What is a personal loan?

A personal loan is issued to an individual by a credit provider for the individual’s personal use. This use includes but is not limited to paying for education, medical expenses, or home renovations. 

A personal loan falls under instalment loans, which means that you pay a fixed amount for a certain period until the principal amount is paid back with interest.

Apply for a personal loan

Your repayment amount will be determined by five factors: initiation fee, monthly fee, interest rate, the term of your loan, and credit life insurance. 

  1. Initiation fee: This is a once-off fee charged by the lender when you first take out the loan. It can be paid in instalments – however, it is advisable to pay it upfront.
  2. Monthly fee: This fee is for the administration costs of a loan and it’s always the smallest, long-term fee.
  3. Interest rates: Interest rates can be flexible or fixed. It is up to you to choose the best one for you. However, it’s advisable to choose a fixed interest rate. Your interest is unique to your personal circumstances. It depends on several factors, such as the term of your loan and your credit score. With a longer term and lower credit score, your interest is likely to be higher – and vice versa.
  4. Term of your loan: As mentioned above, the longer you take to repay your loan, the higher the repayment amount will be. Lower instalments can be tempting but you end up paying more in the long run. Therefore it is advisable to pay higher instalments in order to save money. If your take-home pay is high, you are likely to get a shorter term.
  5. Credit life insurance: This ensures that your debt is paid when an unforeseen event that causes loss of income occurs. For instance, if you are retrenched, become terminally ill, disabled, or pass away, you will not be able to repay your loan unless you have credit life cover. Remember, you don’t have to purchase this policy from the lender. You can buy it from a service provider of your choice, but it is compulsory that you have it.

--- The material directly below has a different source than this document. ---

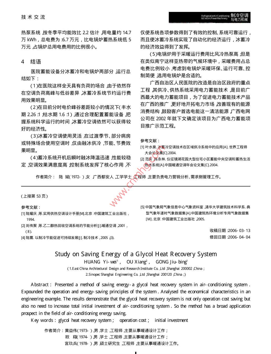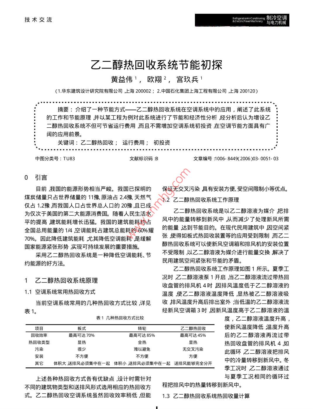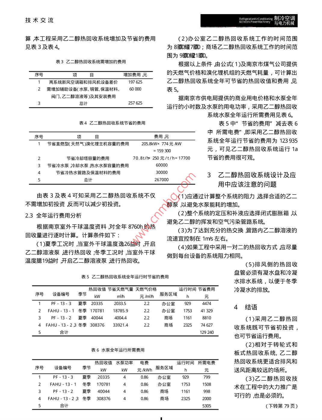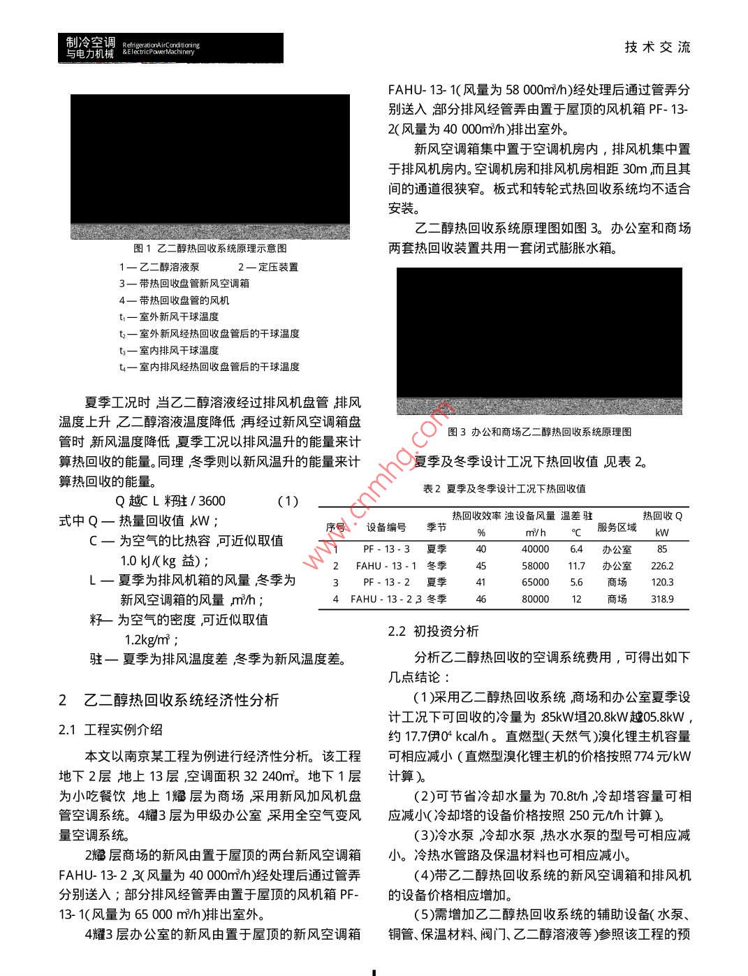 技術(shù)交流 tioring制冷空調(diào) &Elecnney與電力機(jī)械乙二醇熱回收系統(tǒng)節(jié)能初探黃益?zhèn)?,歐翔2,宮玖兵1(1.華東建筑設(shè)計(jì)研究院有限公司上海20000;2中國(guó)石化集團(tuán)上海工程有限公司上海200120摘要:介紹了一種節(jié)能方式——乙二醇熱回收系統(tǒng)在空調(diào)系統(tǒng)中的應(yīng)用,闡述了此系統(tǒng)的工作和節(jié)能原理并以某工程為例對(duì)此系統(tǒng)進(jìn)行了節(jié)能和經(jīng)濟(jì)性分析經(jīng)分析后認(rèn)為增設(shè)乙二醇熱回收系統(tǒng)不但可節(jié)省運(yùn)行費(fèi)用而且不需增加空調(diào)系統(tǒng)初投資在空調(diào)節(jié)能方面具有廣闊的應(yīng)用前景。關(guān)鍵詞:乙二醇熱回收;運(yùn)行費(fèi)用;初投資中圖分類號(hào):TU83文獻(xiàn)標(biāo)識(shí)碼B文章編號(hào):1006-8449(2006)03-0051-030引言目前我國(guó)的能源形勢(shì)相當(dāng)嚴(yán)峻。我國(guó)已探明的保證無交叉污染具有安裝方便受空間限制小等優(yōu)點(diǎn)。煤炭?jī)?chǔ)量只占世界儲(chǔ)量的11豫原油占2.4豫天然氣1.2乙二醇熱回收系統(tǒng)工作原理僅占1.2豫而我國(guó)人口占世界總?cè)丝诘?0豫,且已成為僅次于美國(guó)的第二大能源消費(fèi)國(guó)。隨著人民生活水乙二醇熱回收系統(tǒng)是以乙二醇溶液為媒介把排平的提高建筑能耗增長(zhǎng)迅猛。我國(guó)的建筑能耗約占風(fēng)中的能量轉(zhuǎn)移到新風(fēng)中從而減少了處理新風(fēng)所需全國(guó)總用能量的1/4空調(diào)能耗占建筑總能耗的60%耀的能量達(dá)到節(jié)能目的。在現(xiàn)代民用建筑中因空間緊7%因此降低建筑能耗尤其降低空調(diào)能耗是緩解張使得如板式熱回收裝置等的應(yīng)用受到限制而乙二國(guó)家能源緊張形勢(shì)實(shí)現(xiàn)可持續(xù)發(fā)展的重要措施。醇熱回收系統(tǒng)可以使新風(fēng)空調(diào)箱和排風(fēng)機(jī)的安裝位置采用乙二醇熱回收系統(tǒng)是一種降低空調(diào)能耗、節(jié)不受限制以乙二醇溶液為媒介進(jìn)行能量交換解決了約能源的好方法。民用建筑空間緊張和節(jié)能的矛盾。乙二醇熱回收系統(tǒng)工作原理如圖1所示。夏季工1乙二醇熱回收系統(tǒng)原理況時(shí)乙二醇溶液泵1開啟當(dāng)乙二醇溶液流過帶熱回收盤管的排風(fēng)機(jī)4時(shí)因排風(fēng)溫度低于乙二醇溶液的1.1空調(diào)系統(tǒng)常用熱回收方式溫度使乙二醇溶液溫度降低,顯熱被乙二醇溶液吸當(dāng)前空調(diào)系統(tǒng)常用的幾種熱回收方式比較,詳見收排風(fēng)溫度升高后排出室外當(dāng)?shù)蜏氐囊叶既芤毫鞅?經(jīng)新風(fēng)空調(diào)箱3時(shí)因新風(fēng)溫度高于乙二醇溶液的溫表1幾種熱回收方式比較度,乙二醇溶液溫度升高,項(xiàng)目板式轉(zhuǎn)輪乙二醇熱回收使新風(fēng)溫度降低溫度升高回收效率最高可達(dá)70%最高可達(dá)85%最高可達(dá)45%后的乙二醇溶液再流過帶熱回收類型顯熱全熱顯熱熱回收盤管的排風(fēng)機(jī)4如污染很少難以避免無交叉污染此循環(huán)乙二醇溶液把排風(fēng)安裝不方便不方便方便其它體積大送排風(fēng)必須集中在一起體積小送排風(fēng)必須集中在一起送排風(fēng)能夠完全分開中的冷量轉(zhuǎn)移到新風(fēng)中。冬季工況時(shí)乙二醇溶液通過上述各種熱回收方式各有優(yōu)缺點(diǎn)設(shè)計(jì)時(shí)需針對(duì)與夏季工況相同的循環(huán)過不同的建筑物類型和送排風(fēng)形式選用相應(yīng)的熱回收方程把排風(fēng)中的熱量轉(zhuǎn)移到新風(fēng)中式。乙二醇熱回收空調(diào)系統(tǒng)雖然回收效率稍低,但能1.3乙二醇熱回收系統(tǒng)熱回收量計(jì)算制冷空調(diào)R與電力機(jī)械& ng技術(shù)交流Fahu-13-1(風(fēng)量為58000m/h)經(jīng)處理后通過管弄分別送入部分排風(fēng)經(jīng)管弄由置于屋頂?shù)娘L(fēng)機(jī)箱PF-132(風(fēng)量為40000m/h)排出室外。新風(fēng)空調(diào)箱集中置于空調(diào)機(jī)房?jī)?nèi),排風(fēng)機(jī)集中置于排風(fēng)機(jī)房?jī)?nèi)??照{(diào)機(jī)房和排風(fēng)機(jī)房相距30m而且其間的通道很狹窄。板式和轉(zhuǎn)輪式熱回收系統(tǒng)均不適合安裝。乙二醇熱回收系統(tǒng)原理圖如圖3辦公室和商場(chǎng)圖1乙二醇熱回收系統(tǒng)原理示意圖兩套熱回收裝置共用一套閉式膨脹水箱。1-乙二醇溶液泵2一定壓裝置3帶熱回收盤管新風(fēng)空調(diào)箱4—帶熱回收盤管的風(fēng)機(jī)t一室外新風(fēng)干球溫度室外新風(fēng)經(jīng)熱回收盤管后的干球溫度t一室內(nèi)排風(fēng)干球溫度t一室內(nèi)排風(fēng)經(jīng)熱回收盤管后的干球溫度夏季工況時(shí)當(dāng)乙二醇溶液經(jīng)過排風(fēng)機(jī)盤管排風(fēng)溫度上升乙二醇溶液溫度降低再經(jīng)過新風(fēng)空調(diào)箱盤圖3辦公和商場(chǎng)乙二醇熱回收系統(tǒng)原理圖管時(shí)新風(fēng)溫度降低夏季工況以排風(fēng)溫升的能量來計(jì)算熱回收的能量。同理冬季則以新風(fēng)溫升的能量來計(jì)夏季及冬季設(shè)計(jì)工況下熱回收值見表2算熱回收的能量。表2夏季及冬季設(shè)計(jì)工況下熱回收值Q越C/3600(1)式中一熱量回收值kW;熱回收效率濁設(shè)備風(fēng)量溫差駐熱回收Q序號(hào)設(shè)備編號(hào)季節(jié)C一為空氣的比熱容,可

What is the qualification criterium?

Before lenders grant you credit, they will do an assessment to see if you will be able to repay the loan. Your age, employment status, affordability, and credit payment history are some of the factors that determine whether you qualify for a loan or not.

Age: Credit providers do not issue a loan to someone who is younger than 18 years old or older than 65. But the maximum age varies with each credit provider.

Employment status: To qualify for a loan, you must have proof of your income and bring bank statements that correspond with your payslip. The creditors will confirm your employment and check if your place of work indeed exists. Self-employed individuals and pensioners can also apply. Your employment contract (permanent or temporary) will affect the amount and term your creditors will grant you.

Affordability: If your expenses and debt exceeds your income, you have no chance of qualifying for a personal loan. To get an idea of your expenses, your creditor will look at your bank statements to see how much goes off per month. Creditors will also look at your payslip for deductions – such as insurance and medical aid – to access how much you take home after those deductions.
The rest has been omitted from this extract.